Hospitals have now joined consumer groups and health insurance companies in urging the US government to take a stand on prescription drug pricing. According to a survey conducted by the American Hospital Association and the Federation of American Hospitals, the average inpatient drug cost increased by over 38 percent per patient, between 2013 and 2015.
The price hikes were consistent across a number of different drugs, including branded and generics, as well as those that are either often or rarely administered. As insurers and government programs, such as Medicare, often cover a set amount of drug-related expenses per patient, hospitals are left to cover the bill for pricey drugs.
“The system is clearly broken,” said Scott Knoer, chief pharmacy officer at the Cleveland Clinic. “The [pharmaceutical] industry has proven time and time again it can no longer regulate itself.”
In all, 712 hospitals were polled, which was combined with data collected from group purchasing organizations supplying an additional 1,400 hospitals. Over 90 percent of the hospitals included in the study reported that drug price increases had a moderate to severe effect on their budgeting abilities.
While the over 3,000 percent price hike on Turing Pharmaceuticals’ Daraprim is the much-referenced example of the pharmaceutical industry pricing problem, many other drugs have seen similar cost increases. On the low end of the spectrum, ephedrine sulfate – used to treat breathing problems such as asthma – saw a 300 percent price increase between 2013 and 2015, leading to a spending increase from $7.5 million to $34.6 million, on that one drug alone.
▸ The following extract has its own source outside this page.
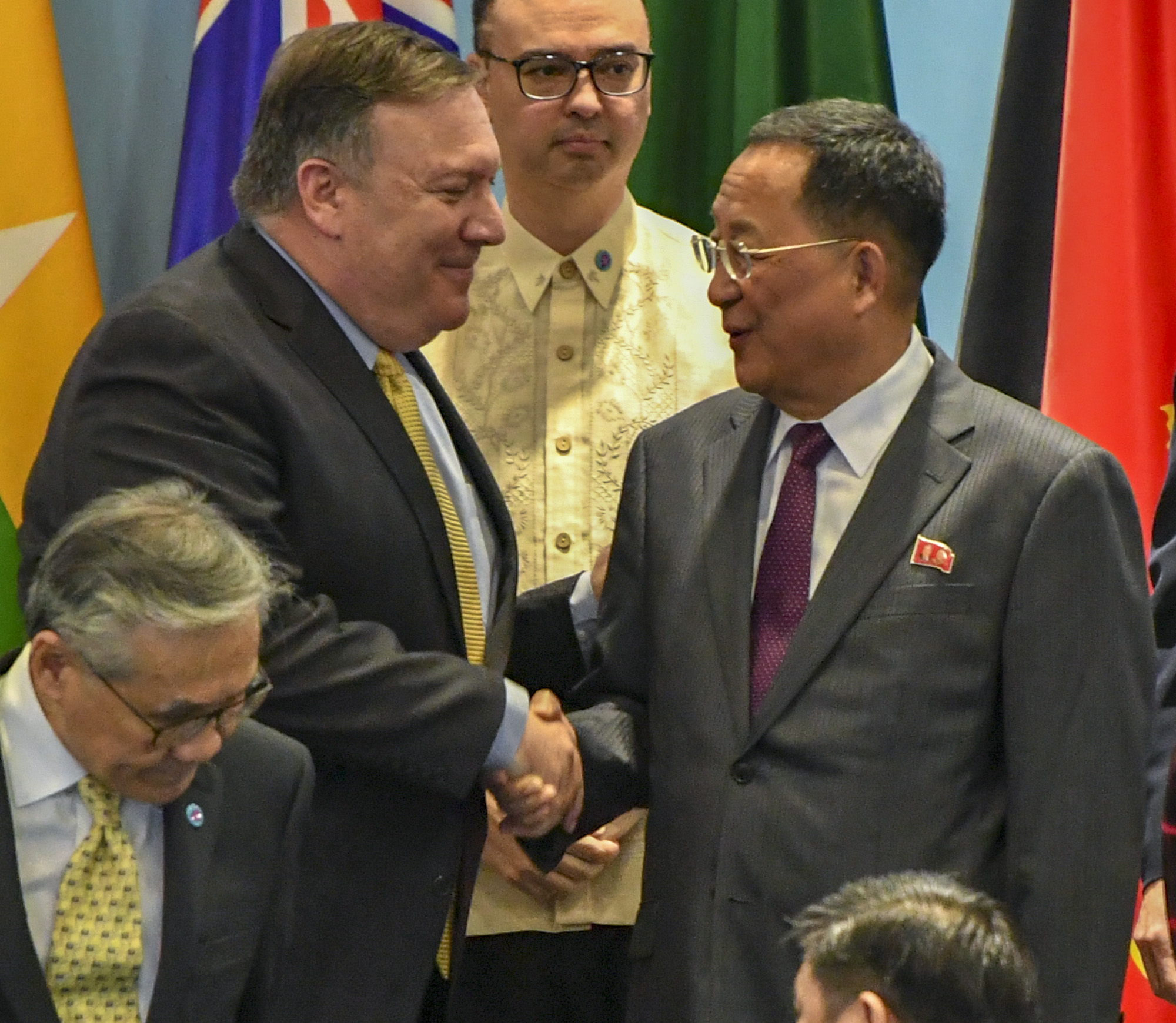 Secretary Michael R. Pompeo had the chance to speak with his DPRK counterpart FM Ri Yong Ho at ASEAN today. They had a quick, polite exchange and the US delegation also had the opportunity to deliver President Donald Trump’s reply to Chairman Kim’s letter. August 4, 2018. [State Department Photo / Public Domain]

“This analysis is a real wakeup call on health care spending,” said Federation of American Hospitals President and CEO Chip Kahn. “It confirms what local hospital administrators recognize as a serious and growing problem for their patients. Rapidly rising drug costs combined with unsustainable Medicare and Medicaid cuts put hospitals in an impossible bind.”
According to the study, the majority of price increases were found to be “random, inconsistent and unpredictable.” Pharmaceutical trade groups, including BIO and PhRMA, defend the high costs of newly-approved therapies by highlighting their long-term value as innovative medicines.